Now, how about a car that’s hiding something?
This 1965 Ford Galaxie 500 looks, for all intents and purposes, like your standard slightly blinged-out sixties rocker. It’s sort of like Neil Young. There’s your chromed Torque Thrust mag wheels, a tilted stance, and fat chrome tips for its dual exhaust. Pretty much what you would expect. Oh yeah, it also has a 2004 Mercury Marauder sitting underneath it.
That’s right, the last body-on frame car in the U.S. gave up its body to frame its great grand-pappy all the way here from the swinging sixties. What is it they used to say back then; tune in, turn on, drop a Galaxie on a Marauder?

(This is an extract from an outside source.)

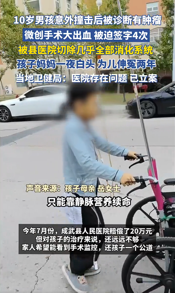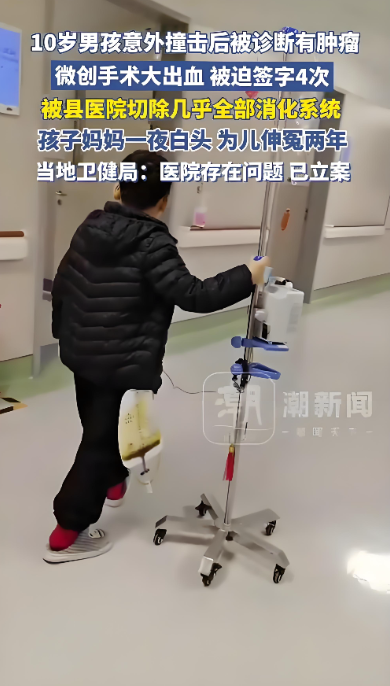 2023年10月26日,山东菏泽成武县10岁男孩小烨在课间被同学撞到腹部后持续腹痛,母亲岳女士带其前往县人民医院就诊。医院通过加强CT发现“胃与胰腺间占位性病变”,随即建议腹腔镜探查术。手术开始仅10分钟,医生以“肿瘤破裂出血”为由要求转为开腹手术。此后14小时内,主刀医生四次要求家属签署知情同意书,先后切除其十二指肠、胰腺、胆囊、2/3胃部及大部分小肠,仅保留不足50厘米结肠。术后,小烨被迫终身依赖每日3000毫升静脉营养液维持生命,无法自主进食饮水。

There’s little evidence externally that the Galaxie is in fact sitting on the 71K-mile chassis of Mercury’s hottest, which is quite an achievement in itself. The first giveaway is when you pop a door and are confronted by the modern dash, which clashes mightily with the accompanying sixties seat upholstery and standard door cards. The question I have for the builder regarding that dash is- you did disconnect the airbags, right?
Opening the long tall sally of a hood reveals even more modernity. There you’ll find the Marauder’s 32-valve 4.6-litre V8. That was good for a little over 300 ponies from the factory and is matched here with a 4R75W automatic. The ad lays claim that all the lights, gauges, cruise control and even the A/C work as they should. I can just imagine all the sweat those details soaked up.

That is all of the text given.